The transcript below has been edited for length and clarity. Listen to the audio of the interview here.

Miranda Spencer: Eating problems are said to be one of the deadliest mental health issues, and there are many different types listed in psychiatry’s diagnostic manual. Why are there so many different emotional/behavioral issues associated with nutrition and eating?

Shira Collings: One commonality and underlying thread that’s present in every eating disorder and every diagnosis is restriction. Most, if not all, eating disorders begin with a period of caloric restriction, of weight suppression. Sometimes people respond with more restriction, and sometimes the restriction leads people’s bodies to feel very deprived, and they may respond through bingeing or through bingeing and purging.

There’s a lot of different factors that play a role in restriction, but a very common factor is body dissatisfaction and the social idealization of thinness and devaluation of fatness. Other times, people may lose weight unintentionally. For example, that might be through a physical illness or other factors, and they may get praised for that or reinforced for that [weight loss] in some way, and that prompts more restriction or some sort of disordered eating cycle.

I would also add that restriction leads to a host of emotional and behavioral issues that can impact someone’s relationship with food and their body and other aspects of their life.

Spencer: Eating disorders are typically associated in a lot of people’s minds with teenagers. Is that an accurate representation of the population that most struggles with this type of issue?

Collings: Eating disorders affect people of all ages. It is most commonly recognized in adolescents and teens for a variety of reasons. One of those reasons is that stereotype, and because of that stereotype, medical providers may screen for it in adolescents and teens and stop screening for it in adulthood. Eating disorders often develop in adolescence, so recognizing and treating them at that point is really important. If we can recognize them in youth and start the treatment there, that can prevent it from becoming a life-long issue.

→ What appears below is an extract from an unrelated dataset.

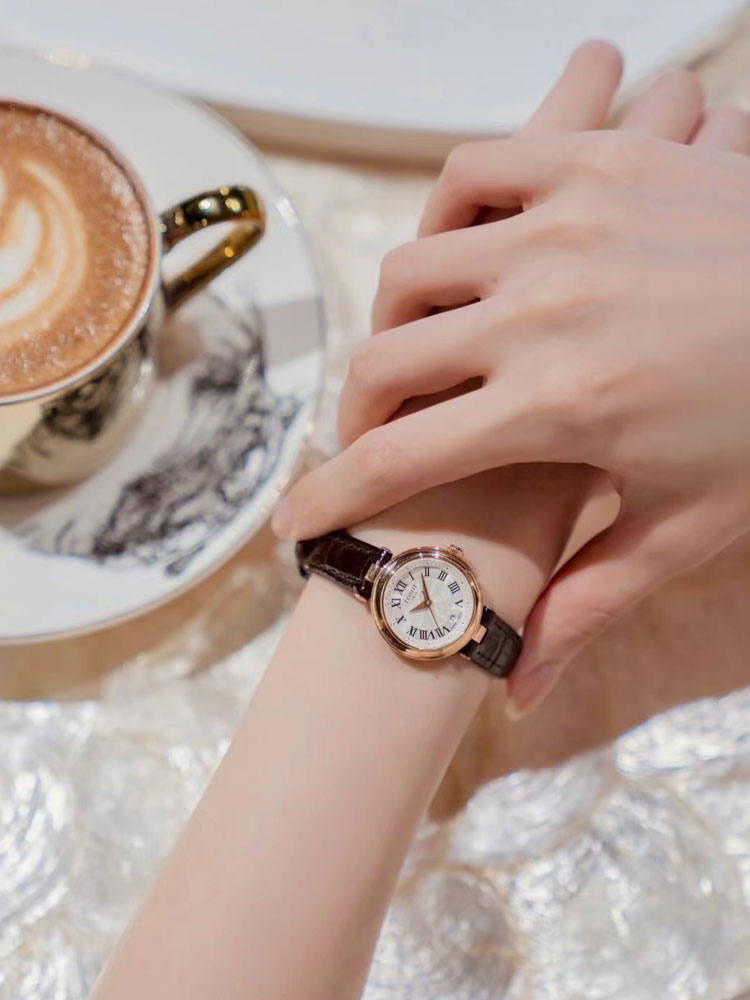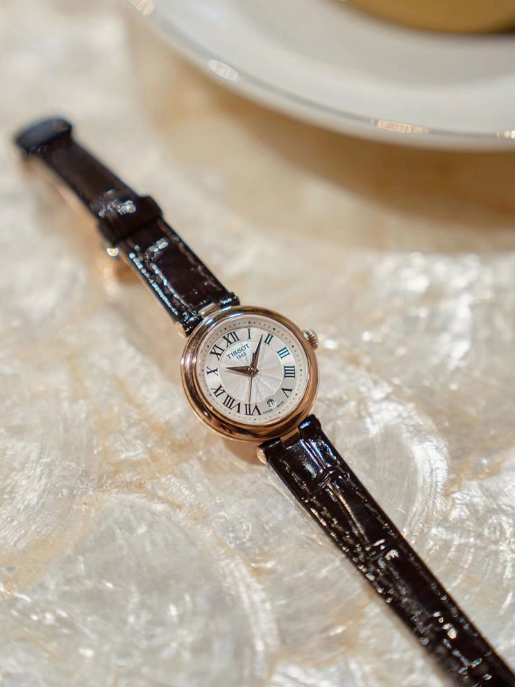 Tissot这款手表,整体采用复古风格,感受时代魅力。清新的白色表盘,结合棕色的表带设计,轻松表现出文艺的风范。

Spencer: What is it about adolescence that makes one self-conscious about one’s body?

Collings: That’s when people are dealing with figuring out their identity or navigating who they are or what groups they belong to; dealing with different dynamics with their peers. So, for sure, that can influence people and result in restriction or body dissatisfaction.

I think if people are involved in activities that place a high emphasis on appearance and on body weight, such as sports or dance, that can definitely lead to restriction or disordered eating. Then sometimes it has to do with family messaging or family attitudes, but that’s not unique to eating disorders.

Spencer: If there’s going to be some issue displayed in adolescence, why does it end up being an eating issue rather than something else? What do we know about the origins of disordered eating in terms of family eating behavior or attitudes, versus social pressures like bullying or Instagram?

Collings: I think all of that certainly can play a role: negative messaging from family, schools, peers, and the media. Those certainly can have a big impact, but I think it’s just different for everyone in terms of what has the most impact.

Spencer:  I suppose that makes it more challenging in terms of helping someone, because it’s not as if you can go to a script: It’s caused by this, and so the solution is that.

Collings: I think that’s true. At the same time, there are things that we know do play a role and are major contributors, such as restriction or weight suppression. So, that’s definitely something that we can keep coming back to, the effects of that.

And we don’t always have to know the specific setting that the negative messaging is taking place to address the fact that negative messaging about bodies and about eating and about weight do play a role and can lead to that restriction.

Spencer: Are there are other stereotypes or beliefs about eating struggles?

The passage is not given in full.